A US national lab has started training a massive AI brain that could ultimately become the must-have computing resource for scientific researchers.
Argonne National Laboratory (ANL) is creating a generative AI model called AuroraGPT and is pouring a giant mass of scientific information into creating the brain.
The model is being trained on its Aurora supercomputer, which delivers more than an half an exaflop performance at ANL. The system has Intel’s Ponte Vecchio GPUs, which provide the main computing power.
Intel and ANL are partnering with other labs in the US and worldwide to make scientific AI a reality.
“It combines all the text, codes, specific scientific results, papers, into the model that science can use to speed up research,” said Ogi Brkic, vice president and general manager for data center and HPC solutions, in a press briefing.
Brkic called the model “ScienceGPT,” indicating it will have a chatbot interface, and researchers can submit questions and get responses.
Chatbots could help in a wide range of scientific research, including biology, cancer research, and climate change.

Training a model with complex data can take time and massive computing resources.

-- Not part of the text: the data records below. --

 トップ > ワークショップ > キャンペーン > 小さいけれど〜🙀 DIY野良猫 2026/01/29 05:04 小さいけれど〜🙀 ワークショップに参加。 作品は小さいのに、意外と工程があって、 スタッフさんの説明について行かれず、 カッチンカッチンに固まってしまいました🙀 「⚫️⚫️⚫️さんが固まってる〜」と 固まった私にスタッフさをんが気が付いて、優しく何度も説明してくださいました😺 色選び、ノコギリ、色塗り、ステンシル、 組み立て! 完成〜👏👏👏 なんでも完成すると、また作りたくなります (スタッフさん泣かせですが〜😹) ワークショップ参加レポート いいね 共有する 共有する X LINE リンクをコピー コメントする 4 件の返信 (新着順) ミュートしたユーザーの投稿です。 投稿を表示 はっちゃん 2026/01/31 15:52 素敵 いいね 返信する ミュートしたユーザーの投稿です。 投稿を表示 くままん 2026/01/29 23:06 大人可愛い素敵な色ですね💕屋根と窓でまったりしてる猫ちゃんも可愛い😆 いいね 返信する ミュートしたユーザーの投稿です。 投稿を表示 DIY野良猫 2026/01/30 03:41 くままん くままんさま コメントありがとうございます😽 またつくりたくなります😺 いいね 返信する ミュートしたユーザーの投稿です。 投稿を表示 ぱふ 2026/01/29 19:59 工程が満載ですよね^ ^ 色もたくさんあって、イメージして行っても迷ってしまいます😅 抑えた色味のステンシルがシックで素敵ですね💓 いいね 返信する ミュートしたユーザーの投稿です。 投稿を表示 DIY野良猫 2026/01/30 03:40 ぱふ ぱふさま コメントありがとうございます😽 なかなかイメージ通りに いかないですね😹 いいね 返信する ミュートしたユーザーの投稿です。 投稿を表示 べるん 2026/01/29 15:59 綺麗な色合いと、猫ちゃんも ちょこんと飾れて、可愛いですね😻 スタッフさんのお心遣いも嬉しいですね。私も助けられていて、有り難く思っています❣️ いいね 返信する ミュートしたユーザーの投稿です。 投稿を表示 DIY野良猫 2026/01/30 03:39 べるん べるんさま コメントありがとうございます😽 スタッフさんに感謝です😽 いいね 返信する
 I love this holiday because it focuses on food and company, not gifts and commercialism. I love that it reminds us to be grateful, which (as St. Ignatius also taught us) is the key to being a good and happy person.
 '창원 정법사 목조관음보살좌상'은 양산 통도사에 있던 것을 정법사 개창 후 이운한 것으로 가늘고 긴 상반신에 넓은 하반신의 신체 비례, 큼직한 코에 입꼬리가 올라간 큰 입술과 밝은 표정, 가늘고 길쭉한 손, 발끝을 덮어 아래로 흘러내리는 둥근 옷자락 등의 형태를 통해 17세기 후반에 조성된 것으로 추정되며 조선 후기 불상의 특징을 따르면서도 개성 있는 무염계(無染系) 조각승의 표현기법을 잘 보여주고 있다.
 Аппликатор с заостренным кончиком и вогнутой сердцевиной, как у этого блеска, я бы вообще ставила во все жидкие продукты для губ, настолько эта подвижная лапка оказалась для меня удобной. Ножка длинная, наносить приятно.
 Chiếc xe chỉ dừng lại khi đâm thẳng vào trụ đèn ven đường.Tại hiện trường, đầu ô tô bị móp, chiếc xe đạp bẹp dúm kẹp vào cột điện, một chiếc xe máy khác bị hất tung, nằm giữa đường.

ANL and Intel are in the early stages of testing the hardware before putting the model into full training mode.
While it will operate like ChatGPT, it is unclear if the generative model will be multimodal or whether it will generate images and videos. Inference will also be a big part of the system as scientists seek answers from the chatbot and feed more information into the model.
Training AuroraGPT has just started and could take months to complete. The training is currently limited to 256 nodes, which will then be scaled to all of the nodes — about 10,000 — of the Aurora supercomputer.

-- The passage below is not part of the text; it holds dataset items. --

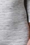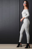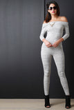 This jumpsuit features an off the shoulder fold over neckline, marbled knit fabrication, three quarter sleeves, and tapered leggings. Accessories sold separately. Made in U.S.A. 95% Rayon, 5% Spandex.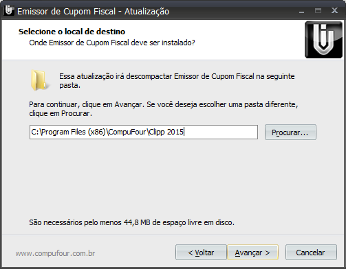 2. Então será solicitada a pasta onde deve ser feita a atualização, pasta essa que deverá ser a mesma onde o sistema está instalado (pasta padrão: C:\Arquivos de programas\CompuFour\Clipp\Exe);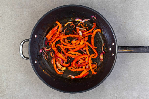 Die Zwiebel schälen, halbieren und in feine Streifen schneiden. Die Paprika vierteln, entkernen und in dünne Streifen schneiden. Die Zwiebeln und die Paprika mit 1 kräftigen Prise Salz in einer mittelgroßen Pfanne mit ½EL Pflanzenöl bei mittlerer Hitze 6–8Min. braten, bis sie weich werden. Die Gewürzmischung unterrühren und die Pfanne vom Herd nehmen.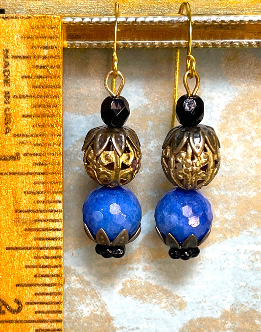 Vintage Glass Bead Earrings, Vintage Blue Glass, and Brass. Hypoallergenic French Earring Hooks, Gold Plated Wire.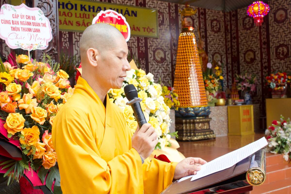 Tiếp đó, ĐĐ. Thích Quảng Hỷ đại diện BTC đã lên phát biểu khai mạc Lễ hội xuân năm Giáp Thìn. Lễ hội truyền thống chùa Thanh Lanh là dịp để bà con nhân dân bày tỏ niềm thành kính, tôn vinh, tưởng nhớ công đức đối với chư Phật, lịch đại Tổ sư, các bậc tiền bối, các vị thánh thần đã có công xây dựng và bảo vệ làng, quê hương, đất nước. Đây chính là đạo đức truyền thống uống nước nhớ nguồn, ăn quả nhớ người trồng cây, đền ơn đáp nghĩa với người có công đức với cộng đồng, dân tộc. Đồng thời giúp con người nhớ về nguồn cội, sống hướng thiện nhằm tạo dựng một cuộc sống an vui, hạnh phúc. Lễ hội chùa Thanh Lanh là hoạt động của bà con nhân dân Phật tử địa phương trong đời sống tâm linh, là văn hóa tinh thần của cộng đồng và cũng là hình thức để duy trì bản sắc văn hóa truyền thống dân tộc, góp phần bồi đắp thêm cho con người lòng nhân ái, biết yêu thương nhau, trọng hiếu nghĩa, phát huy truyền thống lá lành đùm lá rách, giúp đỡ nhau vượt qua khó khăn. Đây cũng chính là giá trị đạo đức văn hóa tôn giáo, góp phần duy trì đạo đức xã hội, hoàn thiện nhân cách cá nhân, hướng con người đến giá trị của Chân – Thiện – Mỹ.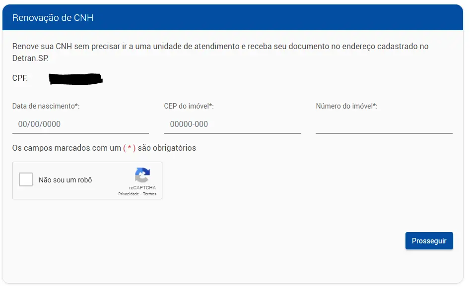 Na próxima tela, o usuário deve inserir as informações de data de nascimento, CEP do imóvel e número de imóvel. Feito isso, clicar no botão azul escrito “Prosseguir”.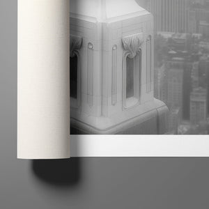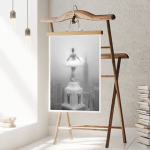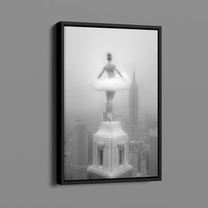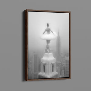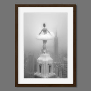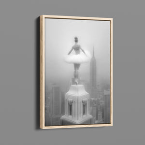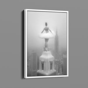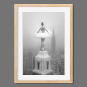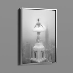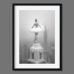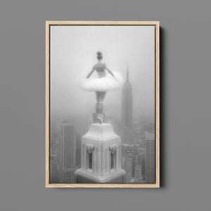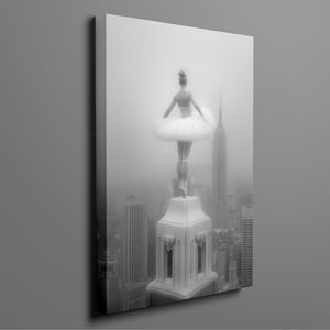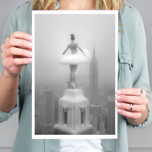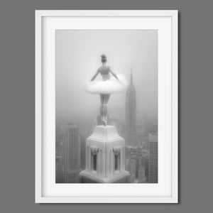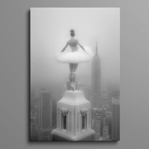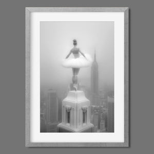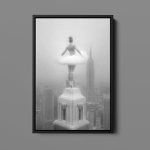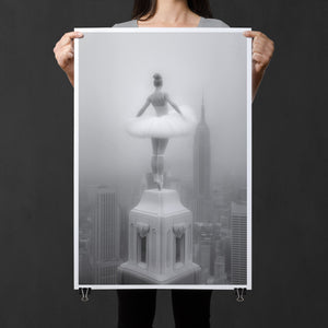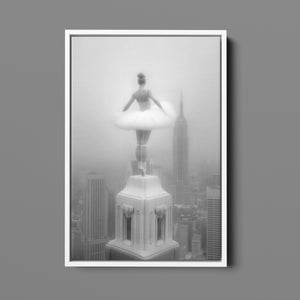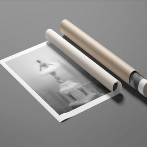 Majestic Reverie from the Vertige - En Pointe collection by Ali Solene elevates ballet to the pinaccle of architectural poetry. This arresting black-and-white fine art photograph captures a ballerina in an awe-inspiring pointed pose atop a Manhattan skyscraper, her tulle tutu like a blossom against the iconic New York skyline. With vintage-inspired sophistication, the composition marries exaggerated perspectives, ant ethereal lighting that sculpts the dancer's form, creating a visual dialogue between human fragility and urban might. Part of a series exploring the vertigo of beauty and balance, this piece freezes a moment where gravity and grace collide in perfect tension.

OpenAI has not shared details on how long it took to train GPT-4, which takes place on Nvidia GPUs. In May, Google said it was training its upcoming large-language model called Gemini, which is likely happening on its TPUs.
The biggest challenge in training large language models is the memory requirements, and in most cases, the training needs to be sliced down to smaller bits across a wide range of GPUs. The AuroraGPT is enabled by Microsoft’s Megatron/DeepSpeed, which does exactly that and ensures the training is happening in parallel.
Intel and ANL are testing the 1-trillion parameter model training on a string of 64 Aurora nodes.
“The number of nodes is lower than we typically see on these large language models… because [of the] unique Aurora design,” Brkic said.
Intel has worked with Microsoft on fine-tuning the software and hardware, so the training can scale to all nodes. The goal is to extend this to the entire system of 10,000 plus nodes.
Intel also hopes to achieve linear scaling so the performance increases as the number of nodes increases.
Brkic said its Ponte Vecchio GPUs outperformed Nvidia’s A100 GPUs in another Argonne supercomputer called Theta, which has a peak performance of 11.7 petaflops.